Wer sein Gewerbe in Deutschland hat, genießt einige Vorteile. Es können weiterhin rechtskonforme Rechnungen geschrieben und damit die deutschen Kunden behalten werden. Laut Paragraph 15 des Einkommenssteuergesetzes ist dafür lediglich eine Betriebsstätte im Inland nötig, jedoch kein Wohnsitz. Da sich der Ort der Leistungserbringung dadurch in Deutschland befindet, ist man damit zumindest beschränkt steuerpflichtig. Vollkommene Steuerfreiheit genießen Sie nur, wenn Sie mindestens alle drei Monate das Land verlassen. Ohne festen Wohnsitz bekommen Sie nur ein Touristenvisum, das in den meisten Fällen nur drei Monate gültig ist. Ohne Gewerbe können keine ordentlichen Rechnungen geschrieben werden, wodurch auch die hiesigen Kunden zurückgelassen werden müssen. Wer keine Rechnungen schreiben muss, hat diese Probleme nicht.

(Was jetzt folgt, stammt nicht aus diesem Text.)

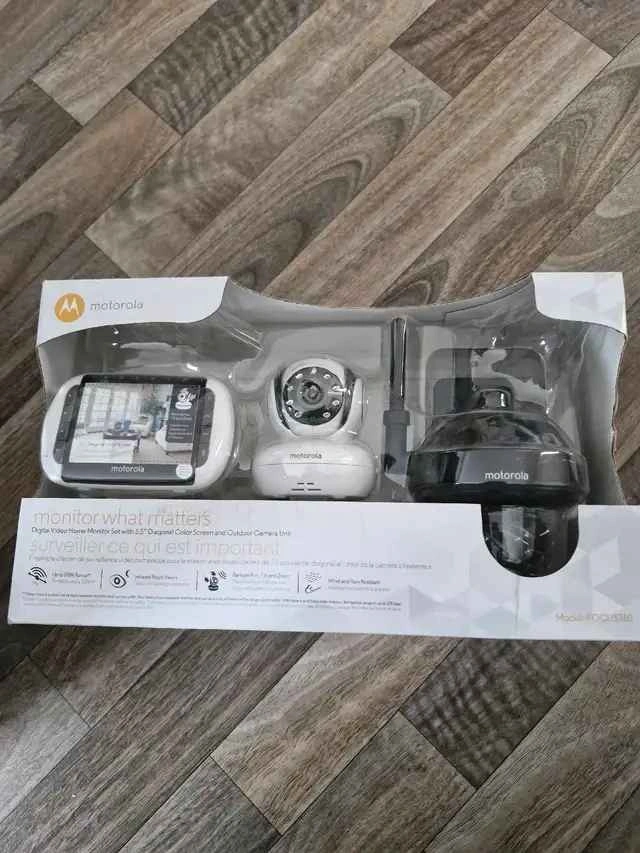 Motorola FOCUS360 video monitor and camera set. Open box but never used. 3.5" screen, indoor pan/tilt camera, outdoor camera. Great for home security or baby monitoring.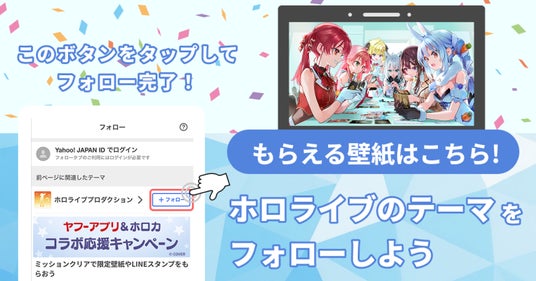Yahoo! JAPANのフォロー機能で“ホロライブプロダクション”のテーマをフォローすることでホロライブに関する新着ニュースなど最新情報を知ることができます。2万名のフォロー達成で描き下ろし壁紙の特典、さらに3万名のフォロー達成で東京・大阪・福岡にタレントを応援する屋外広告の掲出を予定です。(※詳細は特設キャンペーンサイトにて告知)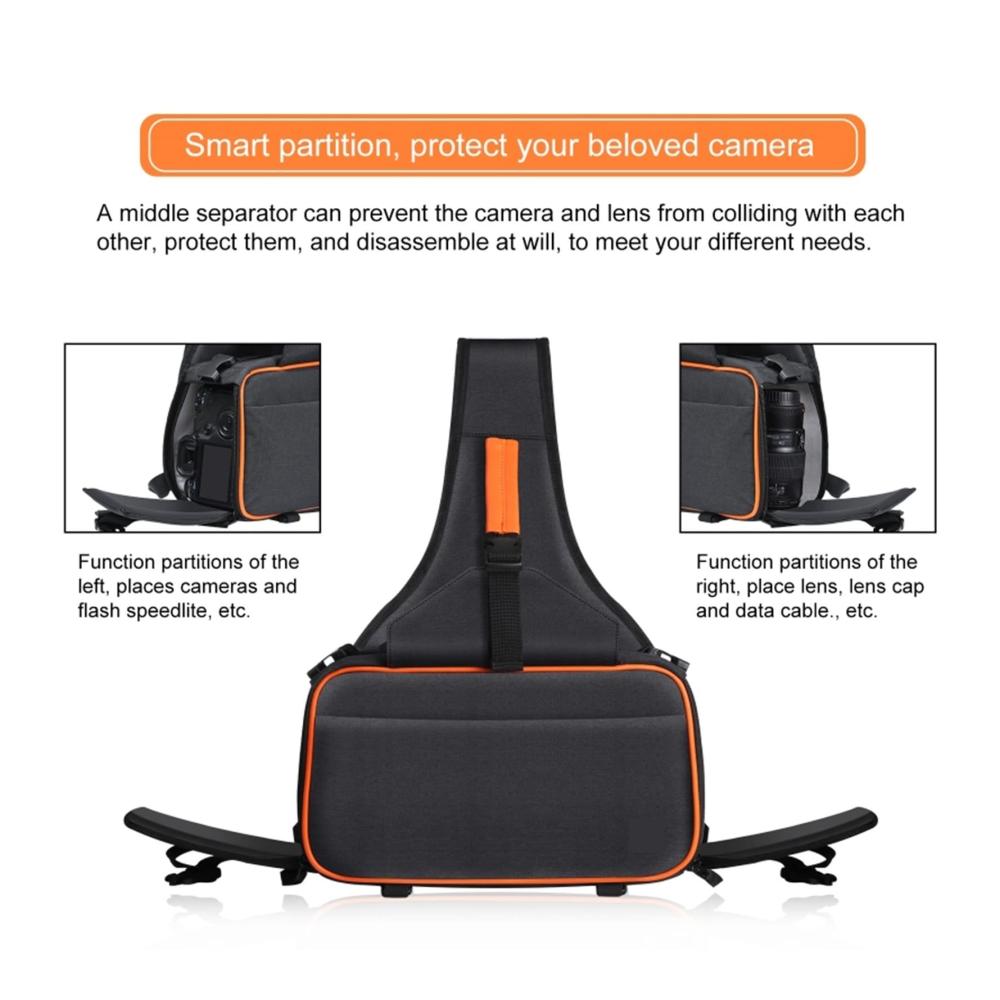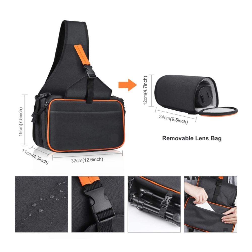Der Kameratasche for dem abnehmbaren Objektivgehäuse ist tragbar und wasserdicht und kann Ihre Kamera, Linse, das Stativ und andere Zubehör tragen.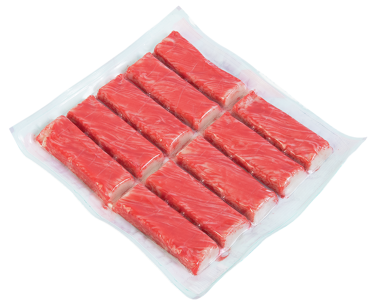 Фарш рыбный сурими, вода, крахмал, масло растительное, сахар, соль, яичный белок, пищевые добавки: ароматизатор идентичный натуральному крабовый, усилитель вкуса и аромата: Е621, Е627, Е631, загуститель Е407, красители Е120, Е160, Е182.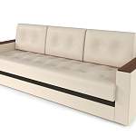 Стильный диван Атланта, прямой, с надежным механизмом трансформации «еврокнижка» предназначен для ежедневного использования. Гармоничный вид украсит любой интерьер, сделает атмосферу теплой и уютной. Светлый оттенок основной ткани красиво контрастирует с насыщенным цветом натурального дерева, который выбран для накладок подлокотников из МДФ и вставкой из темной экокожи, проходящей по низу. Модель оснащена ящиком для постельных принадлежностей. Купить красивое изделие недорого можно в нашем магазине. Габаритные размеры, фактуру и оттенок обивочной ткани, а также наполнение подушек и спального места можно изменить при оформлении заказа.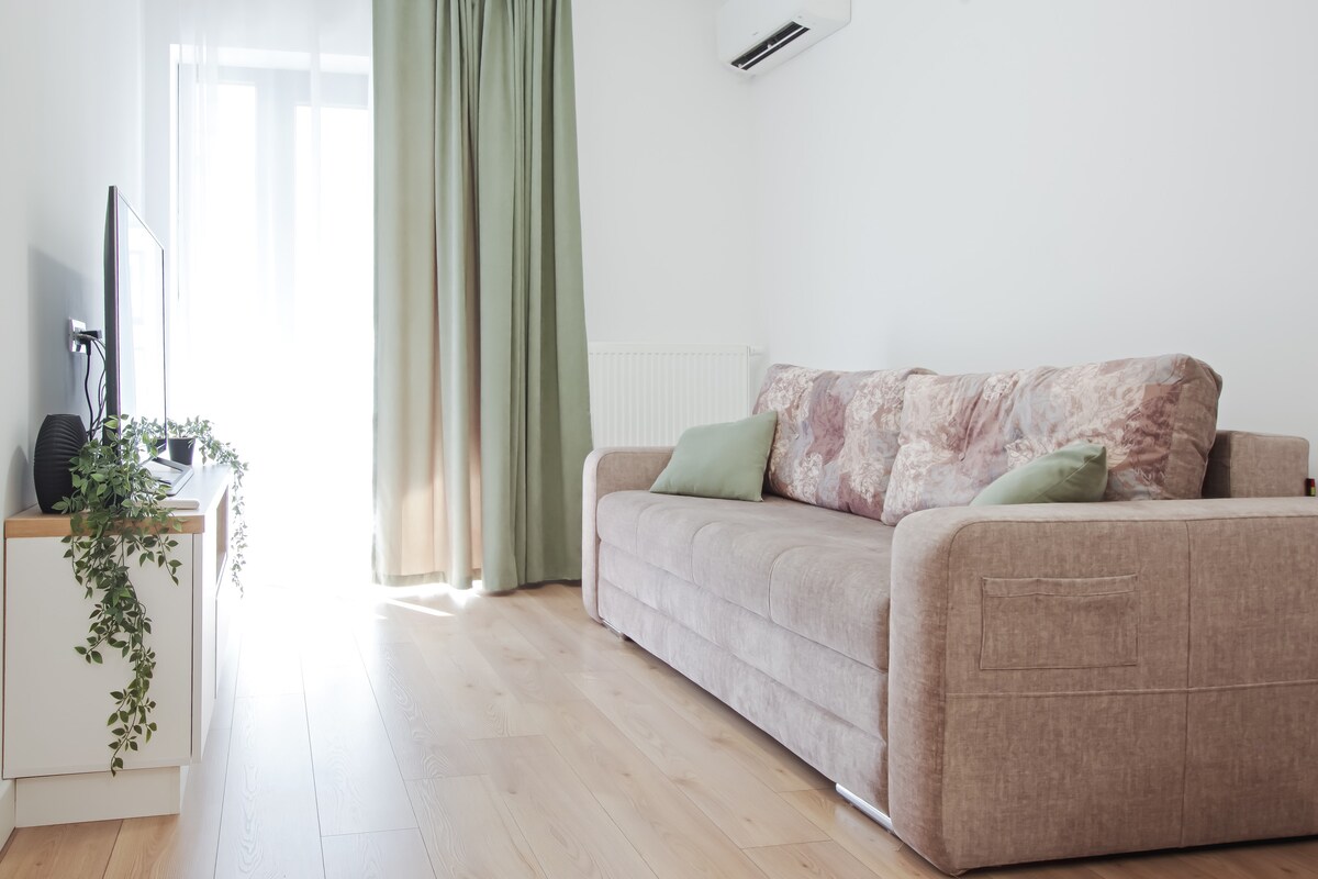 Este estudio elegantemente decorado se encuentra en una zona de nuevo desarrollo, a solo 7 minutos en coche del centro de la ciudad (centro comercial Palas). El edificio se terminó en 2019 y todos los muebles son completamente nuevos. ¡Está cerca de todo! El centro comercial Iulius está a solo 2 minutos, tiendas, cafeterías a la vuelta de la esquina. Ideal para parejas, trabajo a distancia, ¡incluso para tus amigos peludos! ⋆ GRATIS en aparcamiento en la calle ! Wifi GRATUITO de alta velocidad Televisión inteligente y por cable ! Aire acondicionado ! refrigerador grande ! lavadora Gran balcón con vistas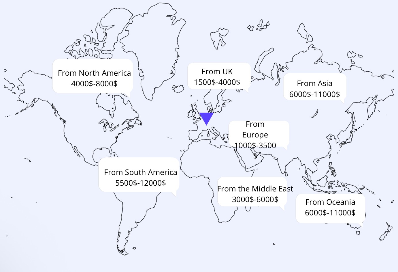 From North America (USA/Canada): €4,000 – €8,000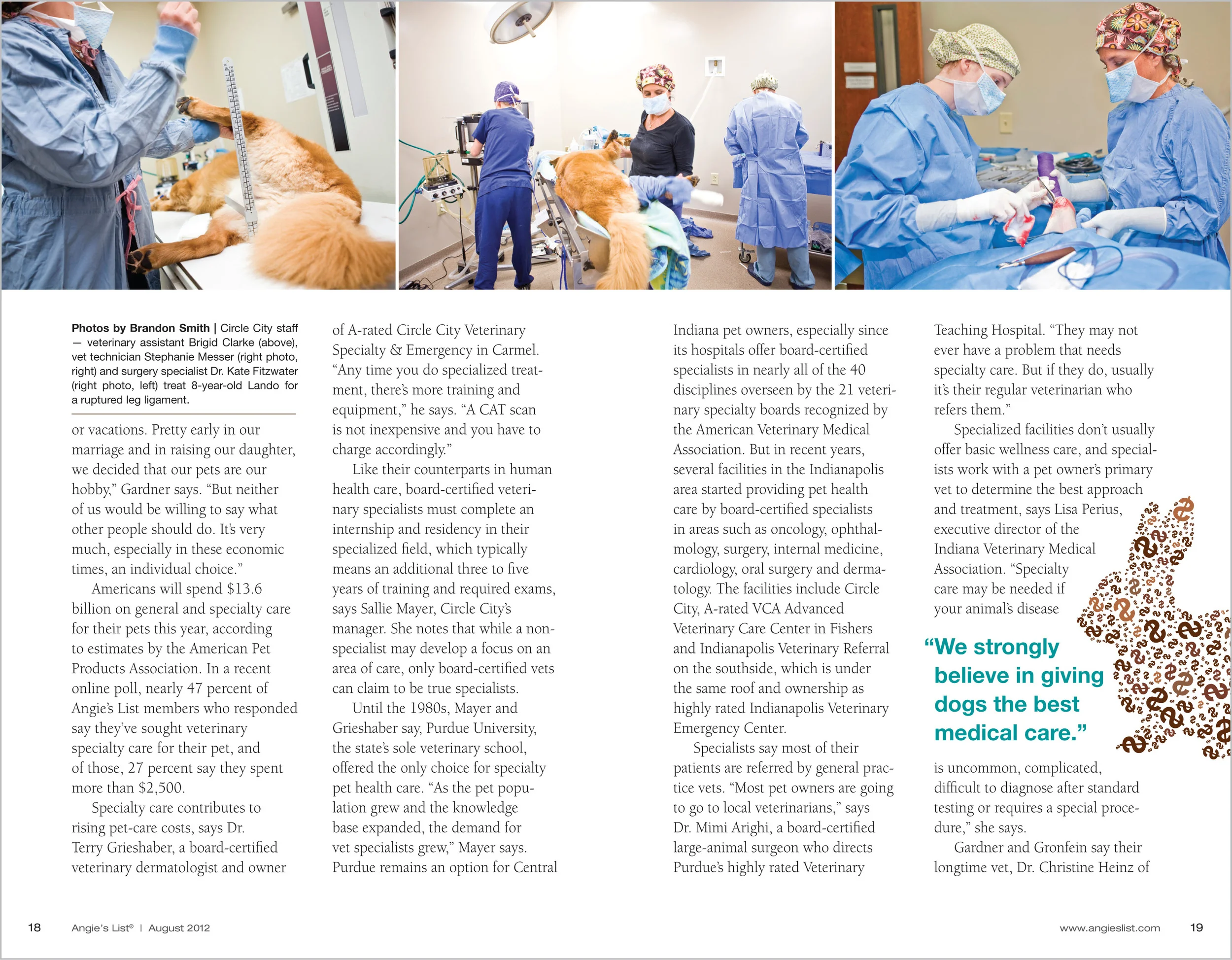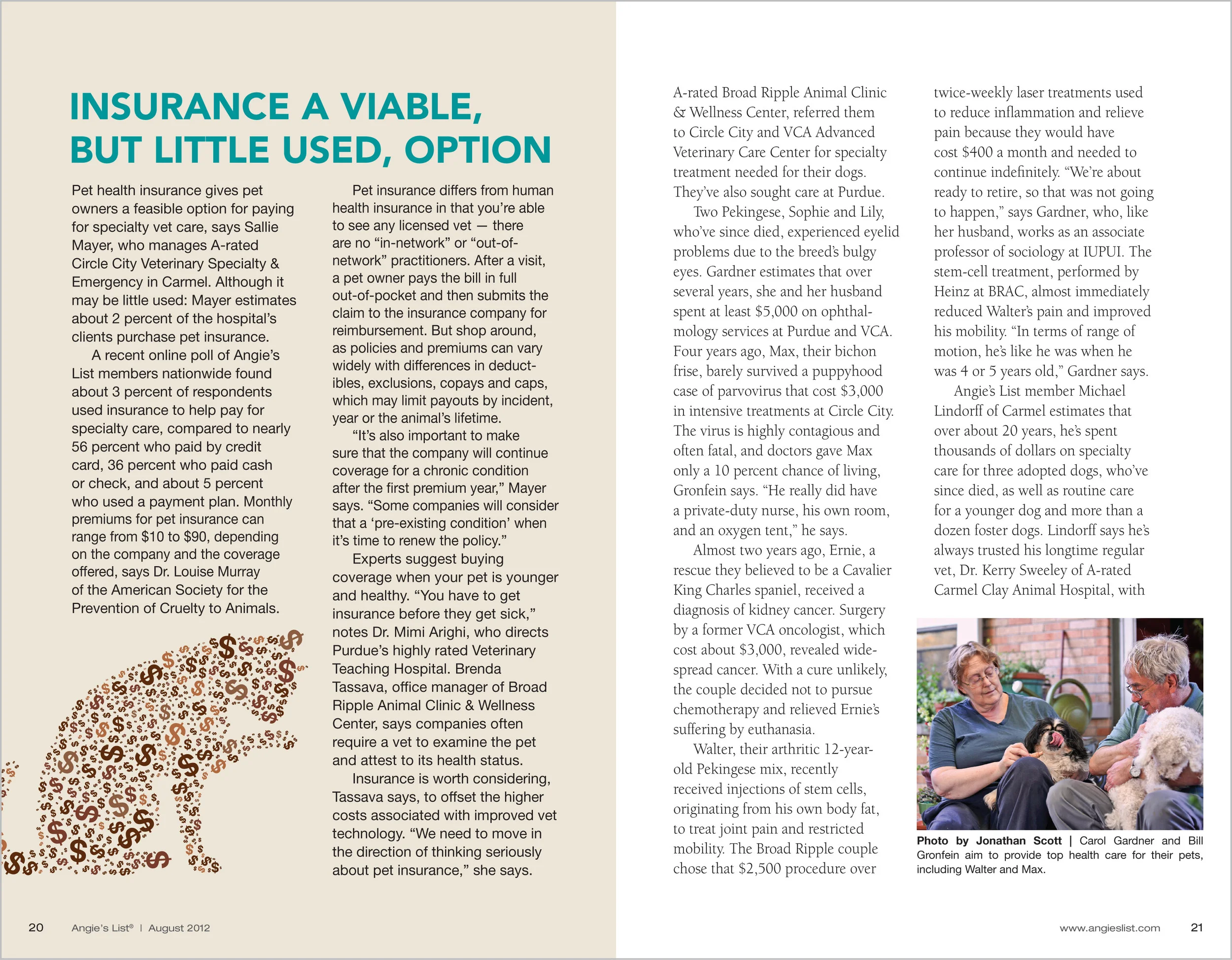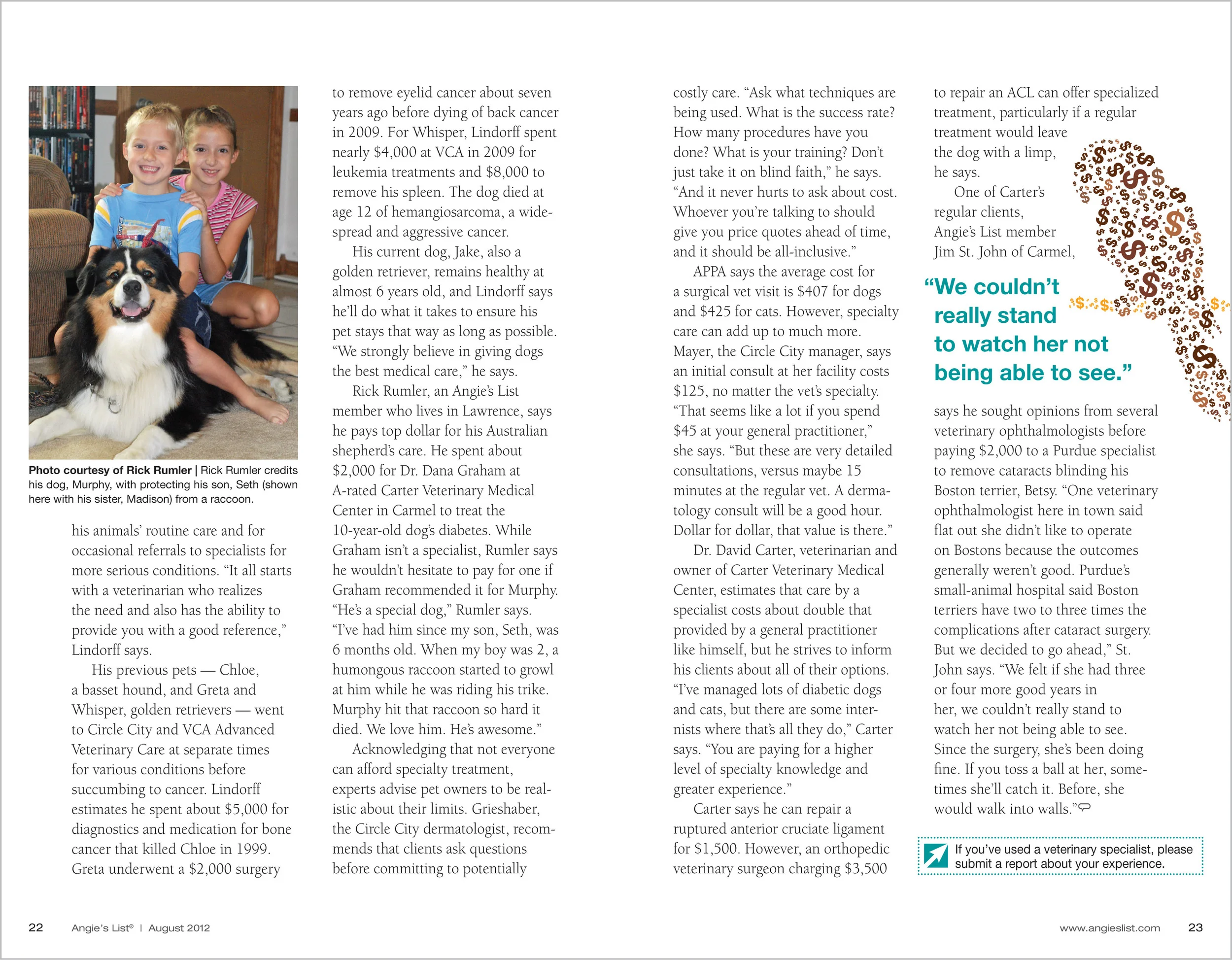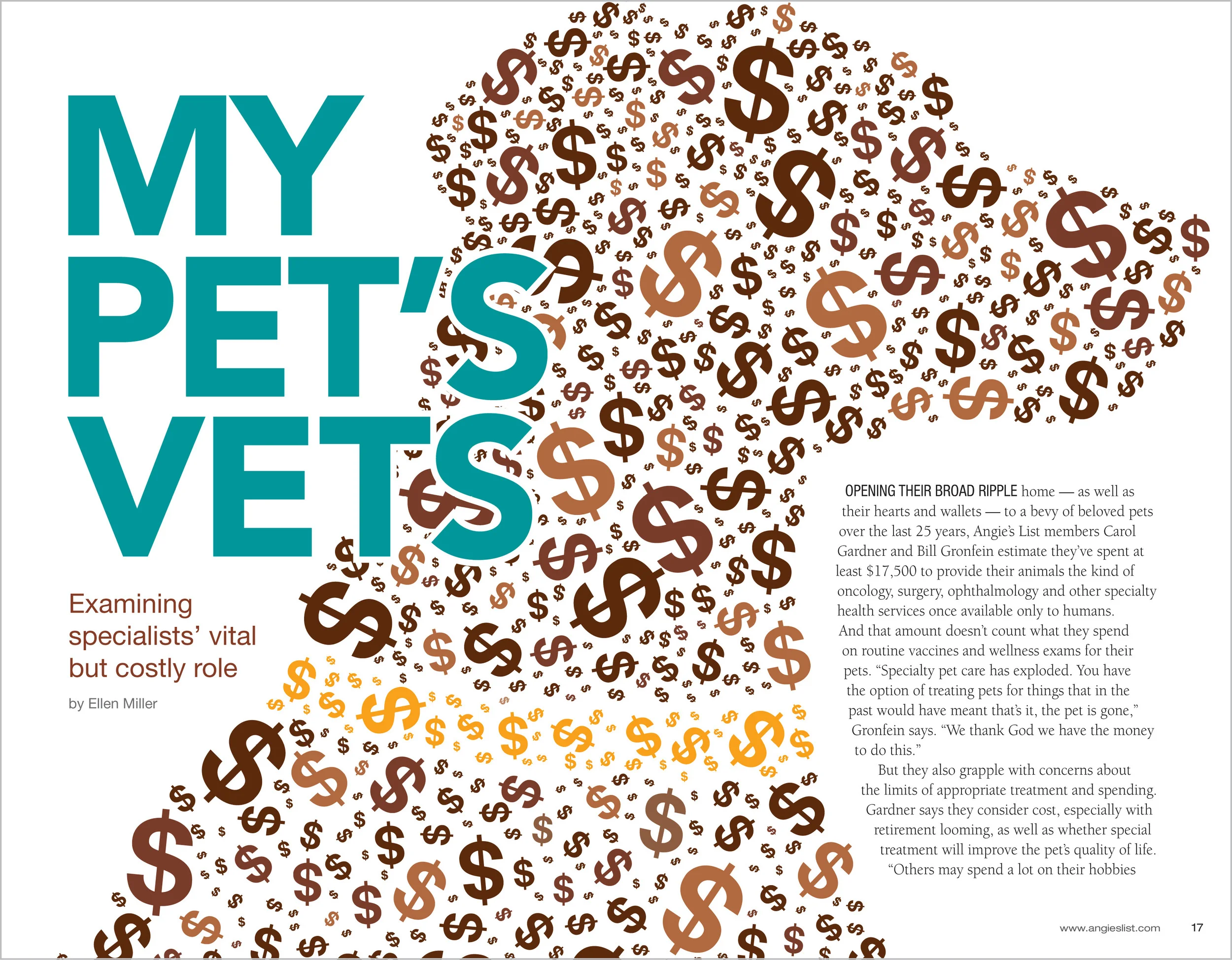 This story is about the high cost of specialty veterinarians for your pet. After doing several initial layouts for the opening spread, the idea struck me to make a dog out of dollar signs. The theme carries throughout with other critters as well.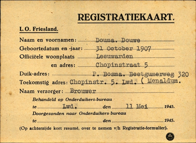 Duikadres: Bitgumerdyk 320, Menaldum - Oorspronkelijk adres: Chopinstraat 5, Leeuwarden - Reden onderduik: krijgsgevangene - Overige opmerkingen: Achterkant beroep: Ambtenaar - Achterkant naam werkgever: Prijzenbureau Onroerende zaken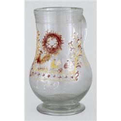 Németország, 1792, színtelen hutaüveg, zománcfestett díszítéssel, m: 21 cm

Wer zum Beispiel über Jobportale tätig ist, stellt keine Rechnungen aus und muss eigenverantwortlich die Einkünfte versteuern.

Fazit

Als digitaler Nomade genießt man Freiheit und teilt sich die Zeit zum Arbeiten selbst ein. Auch der Arbeitsort ist komplett frei wählbar. Viele digitale Nomaden, die Steuerfreiheit genießen wollen, bleiben in der Regel nicht länger als drei Monate in einem Land, da Touristenvisa normalerweise nur drei Monate gültig sind. Ohne festen Wohnsitz können sie sich nicht dauerhaft in einem Land aufhalten, ohne sich mit den Behörden auseinandersetzen zu müssen. Gerade in Deutschland herrscht Bürokratie und Behördendschungel, was mitunter ein Grund für Menschen ist, das Land dauerhaft zu verlassen und damit auch der Steuerpflicht zu entgehen. Doch in anderen Ländern gibt es in der Regel auch Abgabenregelungen. Nur wer viel reist und häufig das Land verlässt kann komplett steuerfrei leben.